» Work to be completed
Write out the data below exactly as given, without any of its pictures.
Supplied information below:
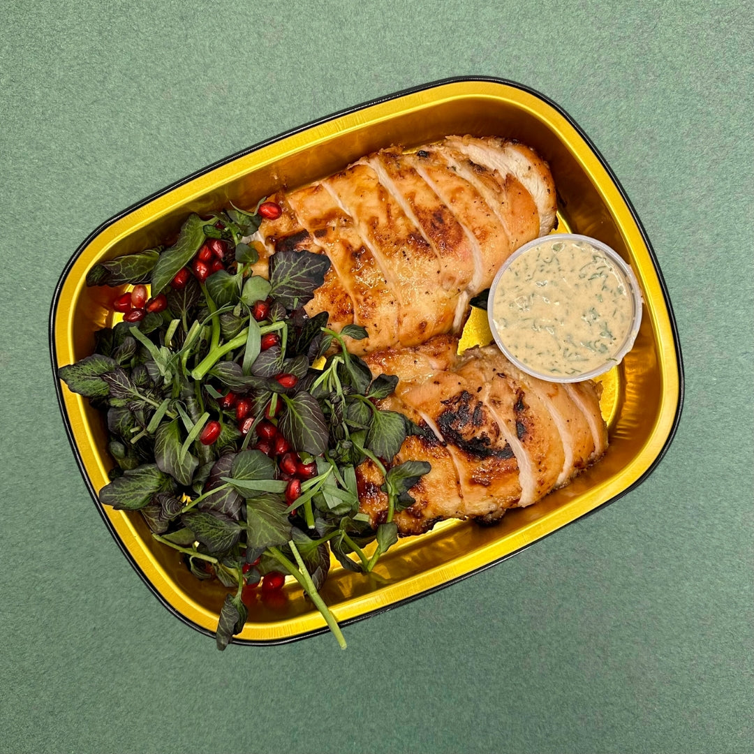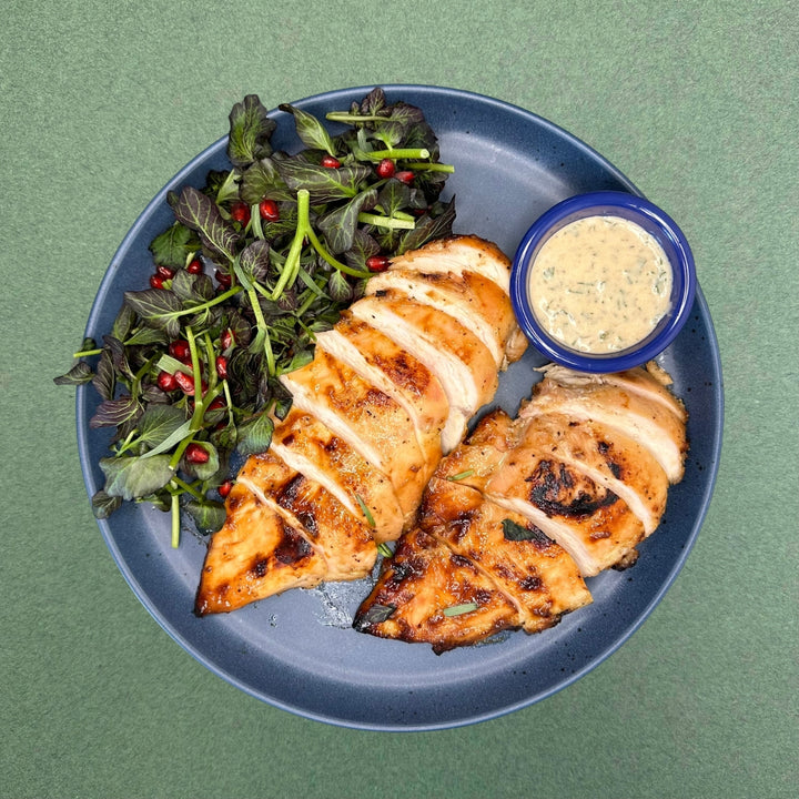 This is The Chicken You Always Want in your Fridge. Boneless, skinless chicken breast with an addictive sauce (two - if you include the accompanying vegan ranch), and gorgeous crunchy watercress salad with pomegranate seeds.
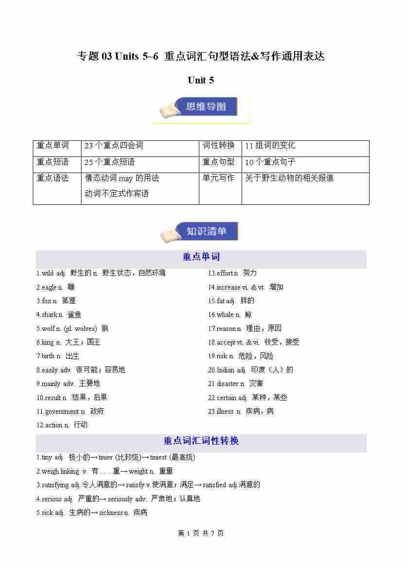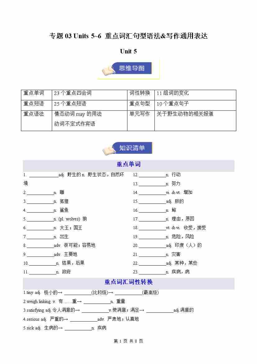 专题03 Units 5~6 重点词汇句型语法&写作通用表达(期末复习知识清单)(默写版)
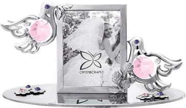 Фоторамка Crystocraft "Свадебные Голуби" серебристого цвета с розовыми кристаллами, сталь None Возможен самовывоз.
End of Supplied information.
» Reply to the exercise
 This is The Chicken You Always Want in your Fridge. Boneless, skinless chicken breast with an addictive sauce (two - if you include the accompanying vegan ranch), and gorgeous crunchy watercress salad with pomegranate seeds.
 专题03 Units 5~6 重点词汇句型语法&写作通用表达(期末复习知识清单)(默写版)
 Фоторамка Crystocraft "Свадебные Голуби" серебристого цвета с розовыми кристаллами, сталь None Возможен самовывоз.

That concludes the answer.